There has been a considerable quantity of propaganda about relatively benign economic statistics, partly a consequence of the pre-existing trends but also an automatic reaction to the sudden and random devaluation of the UK's currency. This is being touted by the imbecilic as indicating that all the concerns over Brexit's consequences were scare-mongering, without taking into account the lag between political action and impacts on the real economy - quite apart from the convenient denial that there has been no formal effort to commence the process, beyond establishing a government department whose Ministerial competence would not register on a micrometer.
As someone who will not be reconciled to the perversion of the constitutional framework (any less nebulous definition would be over-generous) there is a feeling of stasis at present, before the legal and Parliamentary direction becomes clear. The failure to articulate the centrality of the rule of law is a criminal omission on the part of May and her adventurist crew, and should be chased down by all those concerned that whatever the outcome, there is a representative decision. Instead Corbyn has spent his time alternately denying that his activists have an attitude problem and not articulating any specific reason why any floating voter should consider a Labour vote.

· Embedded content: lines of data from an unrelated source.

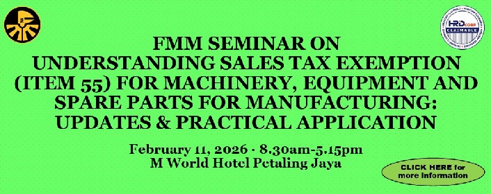 FMM Seminar on Understanding Sales Tax Exemption (Item 55) for Machinery, Equipment and Spare Parts for Manufacturing: Updates & Practical Application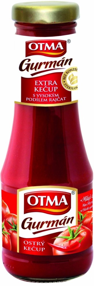 Otma Gurmán ostrý kečup je ideální pro opravdové gurmány a milovníky pikantních chutí. Na 100 g výrobku je použito 240 g rajčat, kečup tak má výraznou rajčatovou chuť, je extra hustý a snadno vytéká ze sklenice.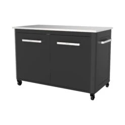 Die Tischplatte besteht aus rostfreiem Stahl und ist dadurch robust und langlebig, zudem lässt sich Arbeitsfläche anschließen leicht reinigen. Der Tisch ist aus verzinktem und schwarz lackiertem Stahl gefertigt und hat zwei Türen. Er verfügt zudem über 4 starke Ø75mm Räder, die galvanisch verzinkt und schwarz pulverbeschichtet sind.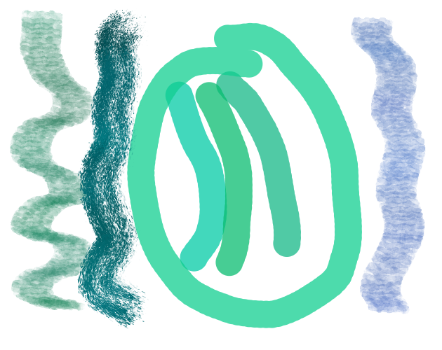 between strokes with zero compounding. Works perfectly at any opacity.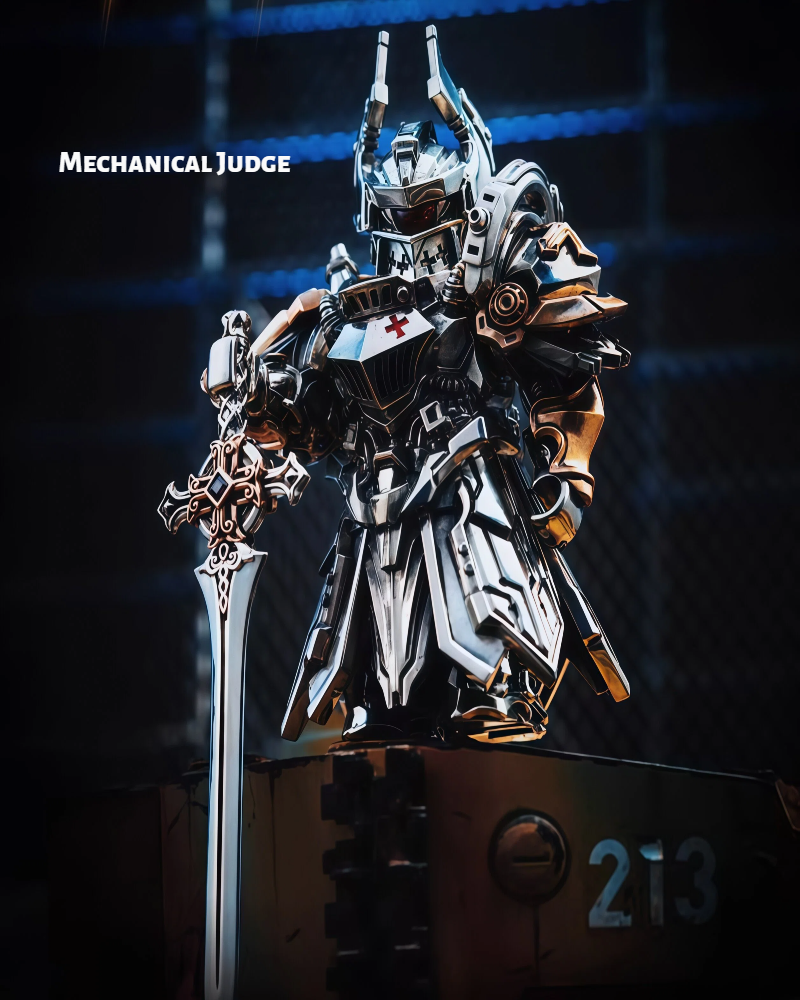 This "Mechanical Judge" metal magnetic DIY model is a fusion of futuristic mechanical aesthetics and chivalric spirit.

With a government of spies, this is not going to be acceptable for long. The approach adopted by Sturgeon in Scotland manages to combine a wider national interest with partisan advantage, and this needs to be adopted and developed across the other three nations of the UK. The challenge to peace and stability posed by the inept drafting and deliberate obfuscation over the status of the Northern Irish constitutional settlement deserves to be explored further, and answers given that do not change with the phases of the moon or whichever planet Davis happens to be imagining.
The closest parallel I can work through is the phoney way period after September 1939. That was a similar period of national delusion, and ended badly. Whereas in 1941 the United States and Soviet Union's immersion in conflict caused them to ride to the rescue of plucky little Britain, it is difficult to see where any external help could emerge from. We are a global laughing stock, casting ourself adrift, and there is nobody in charge. Ashamed to be defined British, in a racist timewarp, it would be tempting to give up - but there is no way I would ever give the motley rabble the satisfaction.